On April 21st, the U.S. Supreme Court unanimously reaffirmed the 11th Circuit Court of Appeals’ decision that reasonable attorney fee awards may include enhancements for superior performance under a federal fee-shifting statute in civil rights cases. (Perdue v. Kenny A., U.S. No. http://08-970, 4/21/10). However, the enhancement may only be allowed in “extraordinary circumstances.”

The issue of when an enhancement may be allowed was raised in a civil rights class action brought on behalf of foster children throughout Fulton County and DeKalb County, Georgia by private attorneys and non-profit children’s rights advocacy groups alleging that the State’s foster case system violated 42 U.S.C. Sec. 1983, as well as other state and federal laws. After 3 years of extensive motion and discovery work, both sides resolved the issue through mediation, entering into a consent decree aimed at implementing sweeping reforms.

As part of the decree, plaintiffs’ attorneys were entitled to fees pursuant to 42 U.S.C. Sec. 1988. Fees allowed under Sec. 1988 are subject to the same standards as those allowed pursuant to federal employment discrimination and wage/hour statutes.

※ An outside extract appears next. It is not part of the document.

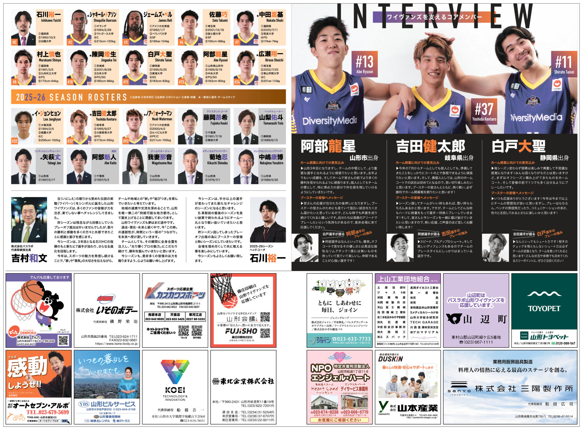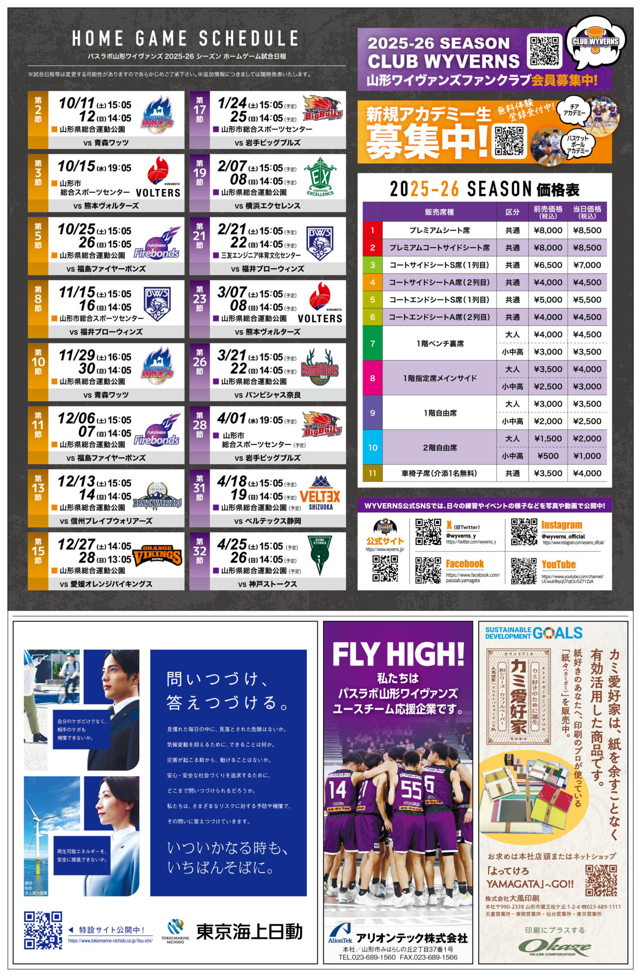 選手の情報やホームゲームスケジュールは山形新聞発行の応援特集号でチェックしてね!

The fees were determined by a lodestar figure (reasonable hourly rate multiplied by hours worked). The lodestar figure was then enhanced by a factor of 1.75 based on the plaintiffs’ attorney’s quality of work – which the district court noted, “far exceeded what the foster children could have received in the private market” and the exceptional results achieved.

The U.S. Court of Appeals for the 11th Circuit affirmed the district court’s enhancement. Kenny A. v. Perdue, 532 F.3d 1209, 1214 (11 Cir. 2006).

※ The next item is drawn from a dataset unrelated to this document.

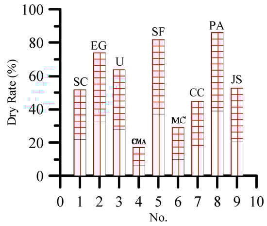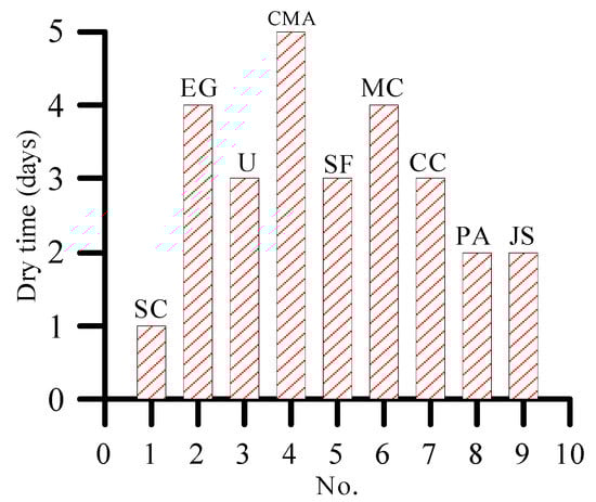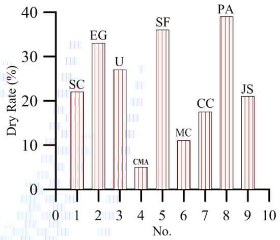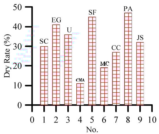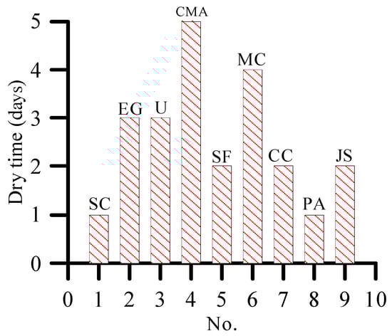 In flowerpots of same sizes (43 cm × 19 cm × 14 cm), the same grass species were planted. The selected grass species were mainly easy to operate, have a certain representativeness, and have a short test period. When the growth was prosperous and roughly the same, 25 mL of certain concentrations of No. 1 to No. 9 de-icing salts and No. 10 water was sprayed. After spraying, the growth was observed. The yellowing of the plant tip after spraying various de-icing salts was recorded, as shown in Figure 3. Dry day refers to the number of days when the tip of the plant begins to turn yellow; the dry rate refers to the proportion of plants that turn yellow.

Writing for the majority, Justice Alito (Perdue v. Kenny A., U.S. No. http://08-970, 4/21/10) reaffirmed that the quality of an attorney’s performance and results obtained may provide the basis for an enhancement. He further noted that the “strong presumption” that the lodestar is reasonable may be overcome in those rare circumstances in which the lodestar does not adequately account for a factor that may properly be considered in determining a reasonable fee.”

The Supreme Court set forth three factors (Perdue v. Kenny A., U.S. No. http://08-970, 4/21/10) for determining when an enhancement may be awarded.

These include:
• The lodestar calculation fails to adequately measure the attorney’s true market value
• The attorney’s performance includes an extraordinary outlay of expense and the litigation is exceptionally protracted
• Extraordinary circumstances in which an attorney’s performance involves an exceptional delay in the payment of fees

Although the Supreme Court found that enhancements may be allowed in exceptional cases, it reversed the enhancement award in this case, finding that specific evidence did not exist supporting the increased fee in this matter.

For more information or if you have questions regarding civil rights or discrimination, please contact Buckley Bala Wilson Mew LLP, LLC, a Georgia employment law firm dedicated to protecting individual’s rights.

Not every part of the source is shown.